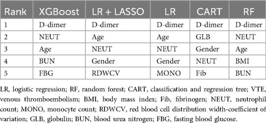 Previous VTE risk prediction models have also employed the five machine learning methods examined in this study. Among multiple models predicting VTE occurrence in intensive care units, RF demonstrated the best performance (38). In pediatric oncology studies, CART models successfully predicted VTE based on risk factors (39). In a prospective cohort study, researchers developed multiple VTE risk prediction models for patients with traumatic brain injury and found that LR performed better than other models (40). In a prognostic study of VTE in allogeneic transplant patients, LASSO was the optimal machine learning model (41). During the development and validation of machine learning models for predicting VTE in hospitalized cancer patients, the XGBoost model demonstrated superior performance compared with other machine learning approaches (42).
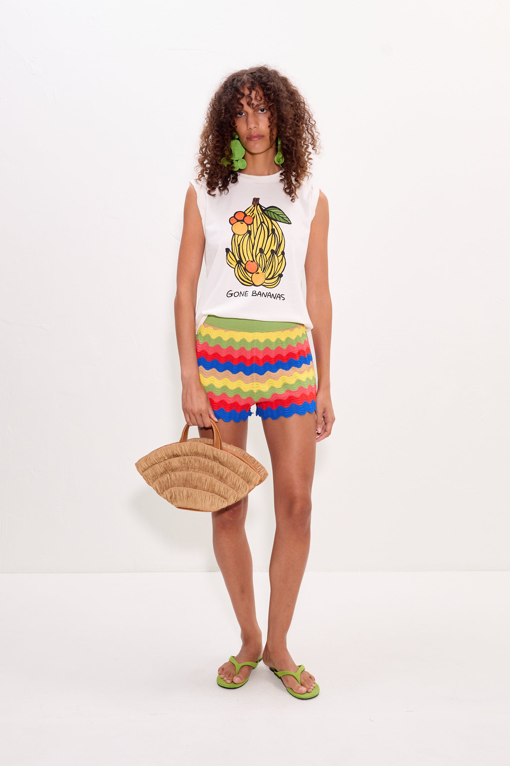 Mid-rise fitted knit shorts crafted in a soft pointelle stitch knit. Designed with colorful wavy stripes, a contrast waistband and hem, and a pull-on construction for easy, comfortable wear.
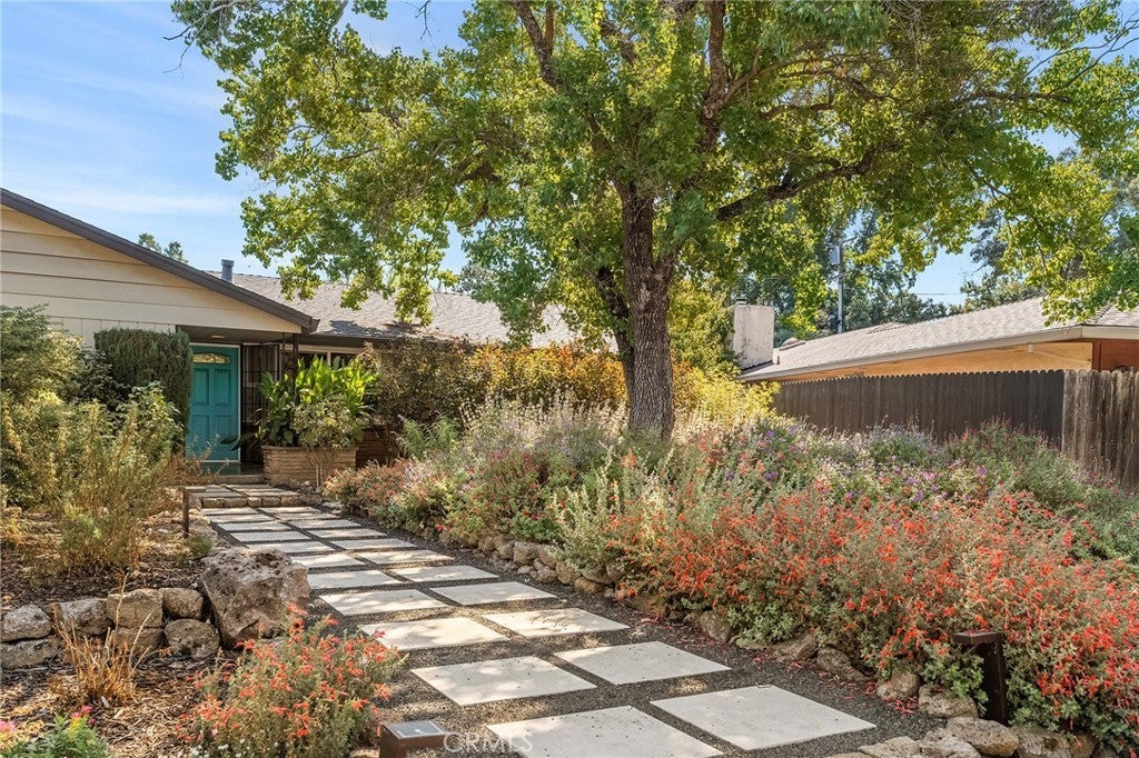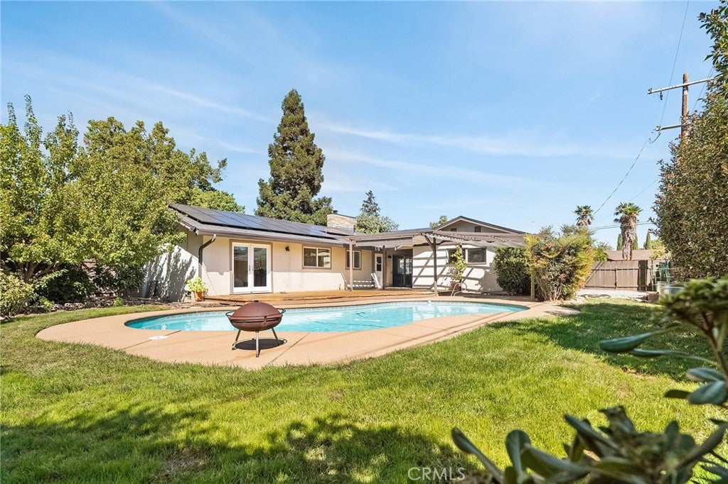 Back on the Market at no fault of the seller. Now is your chance to get this Mid-Century Modern Charm Home with Pool, Owned Solar, RV Parking & more! This stunning 3 bedroom, 2 bath home with an office or bonus room is full of character and modern upgrades that make it truly special. Located in a desirable Chico neighborhood with a convenient central location, this stunning mid-century modern home offers the perfect blend of comfort, convenience, and timeless design. From the moment you arrive, you’ll appreciate the curb appeal, the lush, fully landscaped front and back yards featuring a mature apricot tree, 2 avocado trees, raised garden beds, and RV parking with full power and hookups, making it easy to welcome guests or store your toys. Inside, you’ll find an inviting floor plan filled with natural light from large picture windows that showcase the home’s warm and welcoming feel. Beautiful hardwood floors flow throughout the main living areas, while newer patterned tile adds style and elegance to the kitchen and baths, creating a perfect balance of warmth and sophistication. The spacious living room features a cozy gas fireplace, ideal for relaxing evenings or entertaining guests. The remodeled kitchen offers new quartz countertops, newer stainless steel appliances (all included), an eating bar for casual dining, and tile flooring that ties the space together beautifully. Every detail of this home has been thoughtfully enhanced, with upgrades that include a newer water softener, tankless water heater, whole house fan, and OWNED solar for energy efficiency and peace of mind with the roof only 5-6 years old. Step outside to your private oasis, an entertainer’s dream complete with an in-ground pool and built-in hot tub. The breezeway connecting the home and garage adds both charm and functionality, creating the perfect spot to relax in the shade or enjoy poolside gatherings. The fully landscaped yard is ready for your outdoor lifestyle, from gardening to weekend barbecues. With its desirable location, stylish updates, and unmistakable mid century modern appeal, this home offers the perfect balance of character, efficiency, and everyday comfort.

## ACTIVITY
Only the lines from the start of the material through the line containing "Mid-rise fitted knit" should be transcribed. Pictures stay out.

## TASK SOLUTION
 Previous VTE risk prediction models have also employed the five machine learning methods examined in this study. Among multiple models predicting VTE occurrence in intensive care units, RF demonstrated the best performance (38). In pediatric oncology studies, CART models successfully predicted VTE based on risk factors (39). In a prospective cohort study, researchers developed multiple VTE risk prediction models for patients with traumatic brain injury and found that LR performed better than other models (40). In a prognostic study of VTE in allogeneic transplant patients, LASSO was the optimal machine learning model (41). During the development and validation of machine learning models for predicting VTE in hospitalized cancer patients, the XGBoost model demonstrated superior performance compared with other machine learning approaches (42).
 Mid-rise fitted knit shorts crafted in a soft pointelle stitch knit. Designed with colorful wavy stripes, a contrast waistband and hem, and a pull-on construction for easy, comfortable wear.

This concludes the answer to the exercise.